Expected: PASS with 3 tests.

  • Step 7: Commit Task 1

Run:

git add code_scripts code-scripts/vault_search/tests/test_parser.py
git commit -m "feat: add vault markdown parser"

Task 2: Add Vault Discovery

Files:

  • Create: code_scripts/vault_search/discovery.py

  • Create: code-scripts/vault_search/tests/fixtures/sample_vault/

  • Create: code-scripts/vault_search/tests/test_discovery.py

  • Step 1: Create discovery tests and fixtures

Create fixture files:

code-scripts/vault_search/tests/fixtures/sample_vault/README.md
code-scripts/vault_search/tests/fixtures/sample_vault/IT-learning/java-basic/java.md
code-scripts/vault_search/tests/fixtures/sample_vault/wiki/INDEX.md
code-scripts/vault_search/tests/fixtures/sample_vault/tmp/ignored.md
code-scripts/vault_search/tests/fixtures/sample_vault/.obsidian/ignored.md

Create code-scripts/vault_search/tests/test_discovery.py:

import unittest
from pathlib import Path
 
from code_scripts.vault_search.discovery import discover_markdown_files, path_area
 
 
FIXTURE = Path("code-scripts/vault_search/tests/fixtures/sample_vault")
 
 
class DiscoveryTests(unittest.TestCase):
    def test_discover_markdown_files_respects_exclusions(self):
        files = [path.as_posix() for path in discover_markdown_files(FIXTURE)]
 
        self.assertIn("README.md", files)
        self.assertIn("IT-learning/java-basic/java.md", files)
        self.assertIn("wiki/INDEX.md", files)
        self.assertNotIn("tmp/ignored.md", files)
        self.assertNotIn(".obsidian/ignored.md", files)
 
    def test_path_area(self):
        self.assertEqual(path_area(Path("README.md")), "root")
        self.assertEqual(path_area(Path("IT-learning/java-basic/java.md")), "IT-learning")
 
 
if __name__ == "__main__":
    unittest.main()
  • Step 2: Run discovery tests and verify they fail

Run:

python3 -m unittest code-scripts/vault_search/tests/test_discovery.py -v

Expected: ERROR because discovery.py does not exist.

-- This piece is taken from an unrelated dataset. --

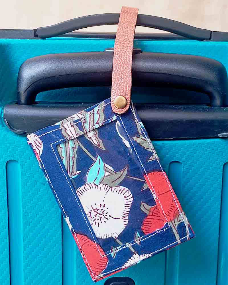 • Upcycled luggage tag made from factory fabric offcuts.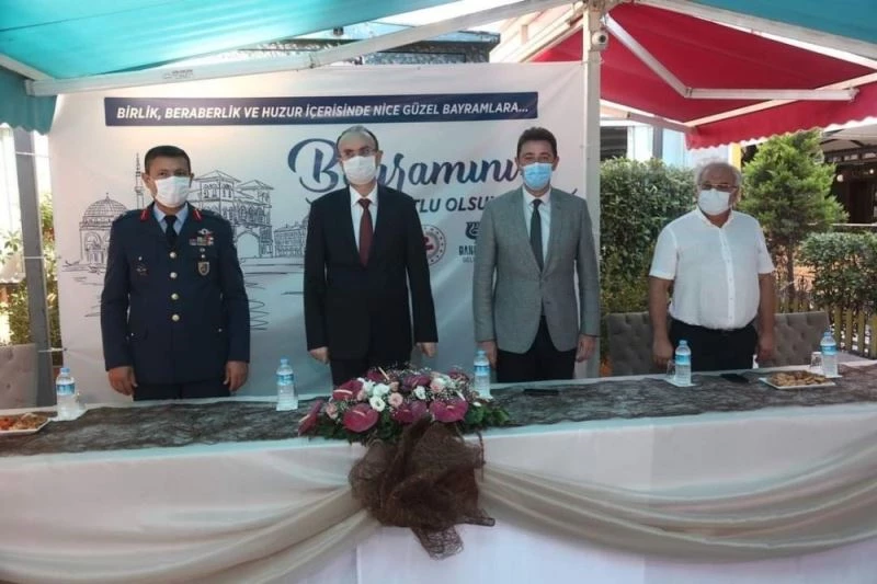 Balıkesir’in Bandırma ilçesinde Kurban Bayramı’nın birinci gününde gerçekleştirilen protokol bayramlaşmasına pandemi tedbirleri damgasını vurdu.

  • Step 3: Implement discovery

Create code_scripts/vault_search/discovery.py:

from __future__ import annotations
 
from pathlib import Path
 
DEFAULT_EXCLUDES = {".git", ".obsidian", "node_modules", "tmp", ".trash"}
 
 
def discover_markdown_files(root: Path, excludes: set[str] | None = None) -> list[Path]:
    excludes = excludes or DEFAULT_EXCLUDES
    root = root.resolve()
    results: list[Path] = []
    for path in root.rglob("*.md"):
        rel = path.relative_to(root)
        if any(part.startswith(".") or part in excludes for part in rel.parts):
            continue
        results.append(rel)
    return sorted(results, key=lambda item: item.as_posix())
 
 
def path_area(path: Path) -> str:
    return path.parts[0] if len(path.parts) > 1 else "root"
  • Step 4: Create fixture files

Use mkdir -p for fixture directories. Create the files with these contents:

code-scripts/vault_search/tests/fixtures/sample_vault/README.md:

# Fixture Vault

code-scripts/vault_search/tests/fixtures/sample_vault/IT-learning/java-basic/java.md:

---
tags: [学习, java]
---
 
# Java

code-scripts/vault_search/tests/fixtures/sample_vault/wiki/INDEX.md:

# Wiki Index

code-scripts/vault_search/tests/fixtures/sample_vault/tmp/ignored.md:

# Ignored

code-scripts/vault_search/tests/fixtures/sample_vault/.obsidian/ignored.md:

# Ignored
  • Step 5: Run discovery tests and verify they pass

Run:

python3 -m unittest code-scripts/vault_search/tests/test_discovery.py -v

Expected: PASS with 2 tests.

  • Step 6: Commit Task 2

Run:

git add code_scripts/vault_search/discovery.py code-scripts/vault_search/tests/test_discovery.py code-scripts/vault_search/tests/fixtures/sample_vault
git commit -m "feat: discover vault markdown files"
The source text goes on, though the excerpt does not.